[guided]The important point is that $u$ depends on $(t,x)$ in two ways: directly through the variables in $\Phi(t,x,y)$, and indirectly through the minimizer $y=Y(t,x)$. We therefore must account for both dependences and then use the minimizing condition to remove the indirect terms.

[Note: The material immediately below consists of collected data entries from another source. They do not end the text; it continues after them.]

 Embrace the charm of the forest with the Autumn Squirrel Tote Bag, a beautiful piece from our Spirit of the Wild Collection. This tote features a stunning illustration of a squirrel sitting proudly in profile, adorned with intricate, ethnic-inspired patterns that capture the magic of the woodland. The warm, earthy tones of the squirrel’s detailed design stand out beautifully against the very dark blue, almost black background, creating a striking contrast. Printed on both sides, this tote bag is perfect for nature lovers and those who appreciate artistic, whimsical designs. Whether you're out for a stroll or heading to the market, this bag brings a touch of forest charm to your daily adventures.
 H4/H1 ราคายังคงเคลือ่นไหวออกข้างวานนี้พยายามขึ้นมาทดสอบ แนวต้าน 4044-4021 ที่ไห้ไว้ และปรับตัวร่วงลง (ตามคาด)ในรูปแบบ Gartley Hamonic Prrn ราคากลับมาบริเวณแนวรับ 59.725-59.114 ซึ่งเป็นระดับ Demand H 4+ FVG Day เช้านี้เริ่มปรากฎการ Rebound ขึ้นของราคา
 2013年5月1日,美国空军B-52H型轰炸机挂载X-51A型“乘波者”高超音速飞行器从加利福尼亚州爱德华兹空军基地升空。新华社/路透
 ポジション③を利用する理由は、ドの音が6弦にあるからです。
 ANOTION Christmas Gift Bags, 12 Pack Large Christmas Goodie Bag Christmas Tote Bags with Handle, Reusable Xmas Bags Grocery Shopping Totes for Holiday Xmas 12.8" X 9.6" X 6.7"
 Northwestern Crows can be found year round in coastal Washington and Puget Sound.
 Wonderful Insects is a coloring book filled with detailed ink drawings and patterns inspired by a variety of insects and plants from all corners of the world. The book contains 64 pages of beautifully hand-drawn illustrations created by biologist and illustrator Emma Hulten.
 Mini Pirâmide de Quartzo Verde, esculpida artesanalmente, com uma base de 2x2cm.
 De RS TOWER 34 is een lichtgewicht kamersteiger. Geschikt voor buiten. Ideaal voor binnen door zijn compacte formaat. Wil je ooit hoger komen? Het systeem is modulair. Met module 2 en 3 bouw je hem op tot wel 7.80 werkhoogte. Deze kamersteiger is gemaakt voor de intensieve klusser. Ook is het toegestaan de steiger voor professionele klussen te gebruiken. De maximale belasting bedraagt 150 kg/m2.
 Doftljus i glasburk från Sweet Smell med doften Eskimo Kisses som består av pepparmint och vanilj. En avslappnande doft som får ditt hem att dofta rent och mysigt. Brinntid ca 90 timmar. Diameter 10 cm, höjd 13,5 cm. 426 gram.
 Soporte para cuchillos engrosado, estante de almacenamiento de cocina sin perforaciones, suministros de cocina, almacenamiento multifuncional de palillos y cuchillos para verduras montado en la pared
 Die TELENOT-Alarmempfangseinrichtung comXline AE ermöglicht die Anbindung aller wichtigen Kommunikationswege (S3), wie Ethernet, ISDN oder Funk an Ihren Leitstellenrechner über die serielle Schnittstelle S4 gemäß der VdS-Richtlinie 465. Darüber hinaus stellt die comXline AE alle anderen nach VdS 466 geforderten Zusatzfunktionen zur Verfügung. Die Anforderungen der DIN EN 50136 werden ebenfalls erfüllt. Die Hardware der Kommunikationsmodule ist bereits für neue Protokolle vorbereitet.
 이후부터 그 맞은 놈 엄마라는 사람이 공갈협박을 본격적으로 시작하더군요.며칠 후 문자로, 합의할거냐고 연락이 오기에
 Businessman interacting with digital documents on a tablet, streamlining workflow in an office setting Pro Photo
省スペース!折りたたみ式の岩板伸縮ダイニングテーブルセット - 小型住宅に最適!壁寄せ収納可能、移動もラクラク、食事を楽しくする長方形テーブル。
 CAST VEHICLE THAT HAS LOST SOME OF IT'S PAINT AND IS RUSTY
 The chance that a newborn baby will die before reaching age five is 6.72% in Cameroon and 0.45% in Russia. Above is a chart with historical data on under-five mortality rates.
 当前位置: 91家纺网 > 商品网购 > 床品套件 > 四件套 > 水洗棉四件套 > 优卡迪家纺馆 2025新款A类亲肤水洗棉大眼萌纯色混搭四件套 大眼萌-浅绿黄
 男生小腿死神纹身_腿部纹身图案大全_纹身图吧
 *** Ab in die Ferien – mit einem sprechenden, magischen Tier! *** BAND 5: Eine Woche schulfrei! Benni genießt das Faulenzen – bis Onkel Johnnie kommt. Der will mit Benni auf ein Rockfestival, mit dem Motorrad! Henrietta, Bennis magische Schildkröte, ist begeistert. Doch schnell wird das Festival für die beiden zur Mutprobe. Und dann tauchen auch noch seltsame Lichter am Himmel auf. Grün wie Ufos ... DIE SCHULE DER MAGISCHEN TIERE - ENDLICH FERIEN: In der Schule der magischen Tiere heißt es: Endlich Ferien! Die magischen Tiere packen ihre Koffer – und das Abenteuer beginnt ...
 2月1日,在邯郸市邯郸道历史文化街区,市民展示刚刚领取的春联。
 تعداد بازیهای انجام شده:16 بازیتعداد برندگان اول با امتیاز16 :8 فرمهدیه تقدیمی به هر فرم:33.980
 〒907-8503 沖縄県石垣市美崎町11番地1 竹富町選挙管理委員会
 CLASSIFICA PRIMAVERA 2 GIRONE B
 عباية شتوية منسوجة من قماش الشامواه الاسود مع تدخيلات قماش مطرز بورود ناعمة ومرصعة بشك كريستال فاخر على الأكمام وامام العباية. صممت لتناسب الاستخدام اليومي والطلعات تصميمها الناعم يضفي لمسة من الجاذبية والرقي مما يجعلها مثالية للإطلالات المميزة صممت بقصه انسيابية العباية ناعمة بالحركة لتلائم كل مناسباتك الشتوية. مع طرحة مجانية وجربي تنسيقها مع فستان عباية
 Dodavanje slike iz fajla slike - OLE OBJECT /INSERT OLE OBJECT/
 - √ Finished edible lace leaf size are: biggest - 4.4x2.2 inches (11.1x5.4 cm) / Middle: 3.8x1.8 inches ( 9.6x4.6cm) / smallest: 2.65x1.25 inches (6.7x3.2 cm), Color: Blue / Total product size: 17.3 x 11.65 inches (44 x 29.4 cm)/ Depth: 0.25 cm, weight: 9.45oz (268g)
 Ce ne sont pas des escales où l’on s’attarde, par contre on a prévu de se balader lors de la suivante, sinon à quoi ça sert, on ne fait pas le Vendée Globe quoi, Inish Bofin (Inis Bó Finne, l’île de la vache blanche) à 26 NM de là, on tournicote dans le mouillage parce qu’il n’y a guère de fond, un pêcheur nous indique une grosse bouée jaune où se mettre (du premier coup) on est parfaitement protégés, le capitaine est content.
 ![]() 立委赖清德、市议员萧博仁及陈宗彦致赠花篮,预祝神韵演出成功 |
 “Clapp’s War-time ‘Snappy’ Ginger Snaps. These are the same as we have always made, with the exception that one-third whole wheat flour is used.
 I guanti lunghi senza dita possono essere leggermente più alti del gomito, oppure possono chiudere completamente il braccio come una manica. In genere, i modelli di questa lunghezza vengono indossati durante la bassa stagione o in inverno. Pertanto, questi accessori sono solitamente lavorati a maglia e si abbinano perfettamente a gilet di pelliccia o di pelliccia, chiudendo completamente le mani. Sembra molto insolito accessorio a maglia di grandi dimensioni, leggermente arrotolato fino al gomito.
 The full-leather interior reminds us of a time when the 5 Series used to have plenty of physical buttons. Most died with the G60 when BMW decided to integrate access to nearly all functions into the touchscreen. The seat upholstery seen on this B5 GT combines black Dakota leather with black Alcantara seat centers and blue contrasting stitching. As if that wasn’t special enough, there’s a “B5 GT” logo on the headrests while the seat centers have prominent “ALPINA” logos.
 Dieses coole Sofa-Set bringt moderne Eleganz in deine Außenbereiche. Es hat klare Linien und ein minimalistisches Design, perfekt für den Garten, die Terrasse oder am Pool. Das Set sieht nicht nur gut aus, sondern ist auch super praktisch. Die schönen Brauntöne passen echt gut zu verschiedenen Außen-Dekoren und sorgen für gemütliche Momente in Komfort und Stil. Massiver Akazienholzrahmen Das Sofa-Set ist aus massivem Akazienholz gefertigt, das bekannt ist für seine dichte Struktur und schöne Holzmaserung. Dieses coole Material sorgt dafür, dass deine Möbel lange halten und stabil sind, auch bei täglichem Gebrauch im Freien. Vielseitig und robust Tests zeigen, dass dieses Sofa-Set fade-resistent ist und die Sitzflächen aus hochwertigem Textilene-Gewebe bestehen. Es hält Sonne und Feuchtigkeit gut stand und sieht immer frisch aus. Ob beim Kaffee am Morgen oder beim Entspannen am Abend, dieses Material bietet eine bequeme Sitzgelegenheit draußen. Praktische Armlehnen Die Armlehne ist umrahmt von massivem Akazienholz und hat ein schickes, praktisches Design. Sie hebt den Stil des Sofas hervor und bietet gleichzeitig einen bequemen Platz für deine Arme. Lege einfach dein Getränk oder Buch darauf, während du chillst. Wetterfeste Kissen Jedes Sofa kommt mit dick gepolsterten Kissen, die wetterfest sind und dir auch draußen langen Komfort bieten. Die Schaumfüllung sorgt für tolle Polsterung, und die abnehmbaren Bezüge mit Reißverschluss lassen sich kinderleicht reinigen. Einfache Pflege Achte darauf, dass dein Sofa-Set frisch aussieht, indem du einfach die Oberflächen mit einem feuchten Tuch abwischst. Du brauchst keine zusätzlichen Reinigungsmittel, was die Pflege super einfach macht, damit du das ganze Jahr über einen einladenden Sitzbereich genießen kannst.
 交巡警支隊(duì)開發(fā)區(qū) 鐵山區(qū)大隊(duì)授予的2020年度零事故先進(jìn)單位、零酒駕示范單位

Let $Y_i:V \to \mathbb{R}$ be the $i$-th component of the $C^1$ map $Y:V \to \mathbb{R}^n$, so that
\begin{align*}
Y(t,x) = (Y_1(t,x),\dots,Y_n(t,x)).
\end{align*}
Since $\Phi$ is $C^1$ and $Y$ is $C^1$, the composite map
\begin{align*}
u:V \to \mathbb{R}
\end{align*}
defined by
\begin{align*}
u(t,x) = \Phi(t,x,Y(t,x))
\end{align*}
is $C^1$.
Fix $(t,x) \in V$ and a spatial index $j \in \{1,\dots,n\}$. The chain rule separates the direct $x_j$-dependence of $\Phi$ from the dependence through the minimizer:
\begin{align*}
\partial_{x_j}u(t,x) = \partial_{x_j}\Phi(t,x,Y(t,x)) + \sum_{i=1}^n \partial_{y_i}\Phi(t,x,Y(t,x))\,\partial_{x_j}Y_i(t,x).
\end{align*}
The reason the Hopf-Lax formula becomes simple is that the second term is multiplied by the $y$-gradient of $\Phi$ at the minimizing point. Because $Y(t,x)$ minimizes the differentiable function $y \mapsto \Phi(t,x,y)$ on all of $\mathbb{R}^n$, the first-order optimality condition gives
\begin{align*}
\nabla_y\Phi(t,x,Y(t,x)) = 0.
\end{align*}
Equivalently, $\partial_{y_i}\Phi(t,x,Y(t,x))=0$ for every $i \in \{1,\dots,n\}$. Thus the whole sum involving $\partial_{x_j}Y_i(t,x)$ vanishes, and only the explicit derivative remains:
\begin{align*}
\partial_{x_j}u(t,x) = \partial_{x_j}\Phi(t,x,Y(t,x)).
\end{align*}
Now $\Phi(t,x,y)=g(y)+|x-y|^2/(2t)$, and $g(y)$ has no direct dependence on $x_j$. Differentiating the quadratic term with respect to $x_j$ gives
\begin{align*}
\partial_{x_j}u(t,x) = \frac{x_j-Y_j(t,x)}{t}.
\end{align*}
Since this holds for every spatial component $j$, we obtain the vector identity
\begin{align*}
\nabla_x u(t,x) = \frac{x-Y(t,x)}{t}.
\end{align*}
The time derivative is handled in exactly the same chain-rule framework. Applying the chain rule in the $t$ variable gives
\begin{align*}
\partial_t u(t,x) = \partial_t\Phi(t,x,Y(t,x)) + \sum_{i=1}^n \partial_{y_i}\Phi(t,x,Y(t,x))\,\partial_tY_i(t,x).
\end{align*}
The first-order optimality condition again makes every coefficient $\partial_{y_i}\Phi(t,x,Y(t,x))$ equal to zero, so the derivative of the minimizer map $Y$ does not contribute. Therefore
\begin{align*}
\partial_t u(t,x) = \partial_t\Phi(t,x,Y(t,x)).
\end{align*}
When differentiating $\Phi(t,x,y)$ with respect to $t$, the variables $x$ and $y$ are held fixed. Since
\begin{align*}
\frac{\partial}{\partial t}\left(\frac{|x-y|^2}{2t}\right) = -\frac{|x-y|^2}{2t^2},
\end{align*}
we get
\begin{align*}
\partial_t u(t,x) = -\frac{|x-Y(t,x)|^2}{2t^2}.
\end{align*}[/guided]